By Gordon Hull
Although they murdered one person, injured 19 others, and celebrated two governments, one of which systematically exterminated over 6 million people in the name of white supremacy, and another that systematically murdered and enslaved millions more, also in the name of white supremacy, members of the far right somehow managed to proudly act like newly liberated victims of something or another (“cultural Marxism?”). It’s not like Charlottesville should have been a surprise; the FBI and DHS warned about the threat from white supremacists months ago. White supremacists had been nursing fantasies of running over liberals with cars for quite some time, and racist hate crimes – including, as in Portland, the murder of those who try to stop racist hate crimes – have (unsurprisingly) been on the rise since Trump came to power. Moreover, what happened last weekend was not about free speech and marches. It was much more about political violence and intimidation: they showed up in Charlottesville looking for a fight, toting semi-automatic weapons and militia groups so that they might not just exercise their First Amendment rights, but deprive others of their First Amendment rights.
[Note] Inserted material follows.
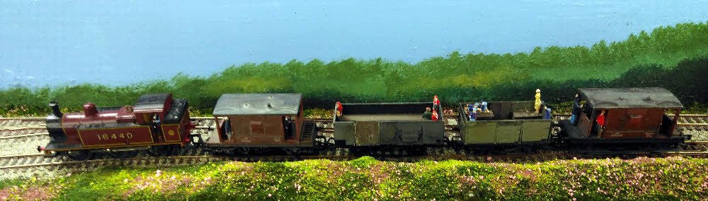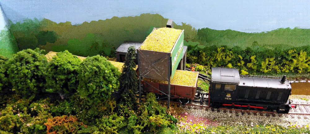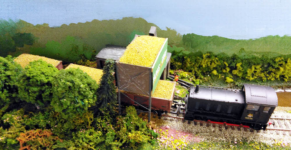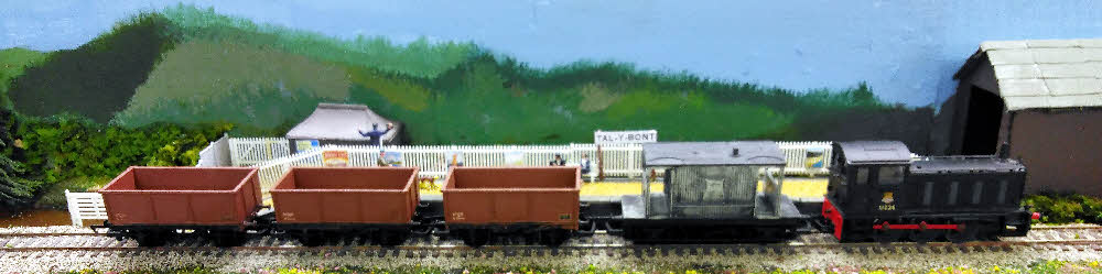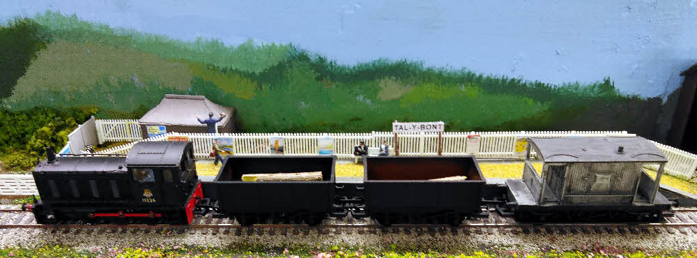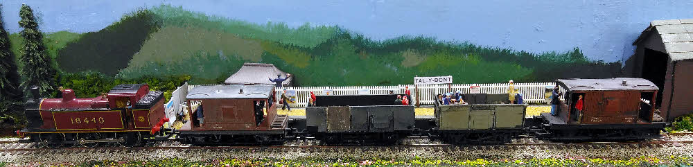 A train of empty sand tipplers arrive at Tal-y-bont.

Their President has managed to support their agenda even as he supposedly disavowed it yesterday, fueling the idiotic idea that the most oppressed people in the U.S. are white. Away from his handlers, apparently, Trump today repeated the “many sides” rhetoric (first, he uttered one of the greatest lies of his entire presidency: “before I make a statement, I like to know the facts”), claiming that there was “blame on both sides” for the violence, including on the “alt-left.” Message received: David Duke promptly tweeted “Thank you President Trump for your honesty & courage to tell the truth about #Charlottesville & condemn the leftist terrorists in BLM/Antifa.”
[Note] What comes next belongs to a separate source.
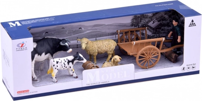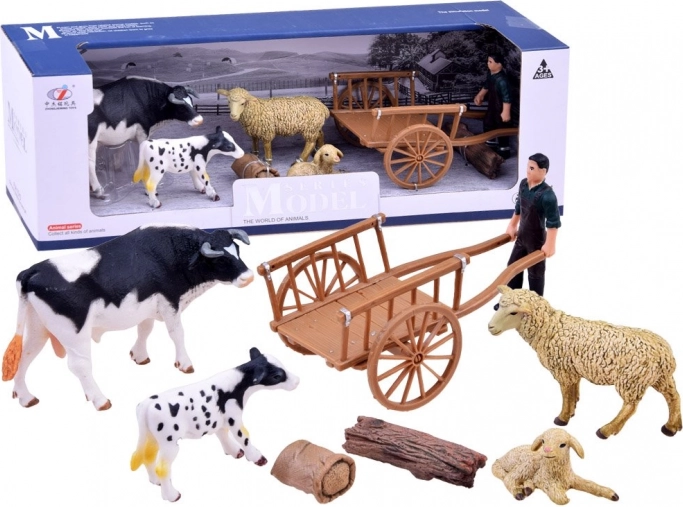 Sæt med bondegårdsfigurer – håndmalede dyr og landmand med tilbehør – B

The idea that there is a moral equivalence between Black Lives Matter and right wing terrorism is beyond staggering, no matter how many times Fox News repeats it. In the meantime, Trump again demonstrated his utter ignorance of the facts, saying that it should be “up to a local town, community” whether to remove Confederate monuments, failing to know that the neo-Nazis came from all over the country to intimidate Charlottesville into not removing a monument.
Disturbingly, Trump’s dog-whistle response to Charlottesville makes a hero of any conservative who can manage to condemn Nazism, no matter how much structural racism they otherwise sign on for, as Mark Graber pointed out:
“President Trump, the Klan, the alt-right, and the Republican Party won a stunning rhetorical victory yesterday when the American media and a great many Americans defined racism downwards to 1930 standards. Republicans who tolerate or support police brutality in African-American communities, horribly inadequate representation for criminal defendants of color (including lawyers who fall asleep at trial), substantial underrepresentation of African-Americans on grand and petit juries, and criminal laws and criminal law enforcement that has resulted in the imprisonment of a stunning high percentage of African-American men became racial moderates because they denounced the Klan and overt expressions of white supremacy.”
So where are these new racial moderates? Unfortunately, even the ability to denounce neo-Nazis and the KKK seems beyond a lot of Republicans. There were some initial, commendable and very strongly worded condemnations from Orrin Hatch, Marco Rubio, Lindsay Graham, Paul Ryan, and others. Trump’s performance today has drawn a new round of sharp criticism. But a whole lot of Republicans haven’t said anything.
It is time to demand that all elected representatives publicly denounce the violence of the “alt-right” and denounce Trump’s support of it. But that is not enough. As Hardt and Negri said in a somewhat different context, “destroying them in words is as urgent as doing so in deeds” (Empire, 404). Here that means moving the Overton Window back into the 21st Century. It is accordingly time to use appropriate terminology. “Terrorism” is a minimum. But maybe even better, how about “Radical White Terrorism?”
First, it is time to drop sanitizing euphemisms like “alt-right,” or “white nationalism.” I already emailed both my senators and my House rep, politely asking them to exert the moral leadership opportunity they have as elected officials, and denounce Radical White Terrorism. Not that I think they will (although I’m curious to see what they’ll say in the form letter response that should arrive in a week or two), but one of the greatest risks of the Trump candidacy and administration is its ability to destroy language, and in the process make the merely awful sound reasonable. That, I take it, was a substantial part of Graber’s point.
Second, the term deliberately echoes the Trumpian demand that we all use the expression “Radical Islamic Terrorism.” “Anyone who cannot name our enemy is not fit to lead this country,” said the man unfit to lead this country back in September. We can debate later the extent to which simply being white makes one complicit in white supremacy (even if unwillingly). But for now, it seems beyond question that Trump is vastly more complicit in Charlottesville than the hundreds of millions of innocent Muslims that he’s tried to tar are complicit in ISIS.
UPDATE: The leader of the NC KKK has said he was "glad" the murder victim in Charlottesville died, and "they were a bunch of Communists out there protesting against somebody's freedom of speech, so it doesn't bother me that they got hurt at all." He added "I think we're going to see more stuff like this happening at white nationalist events." These are the sorts of morally-bankrupt false equivalencies and threats of violence that Trump implicitly endorses.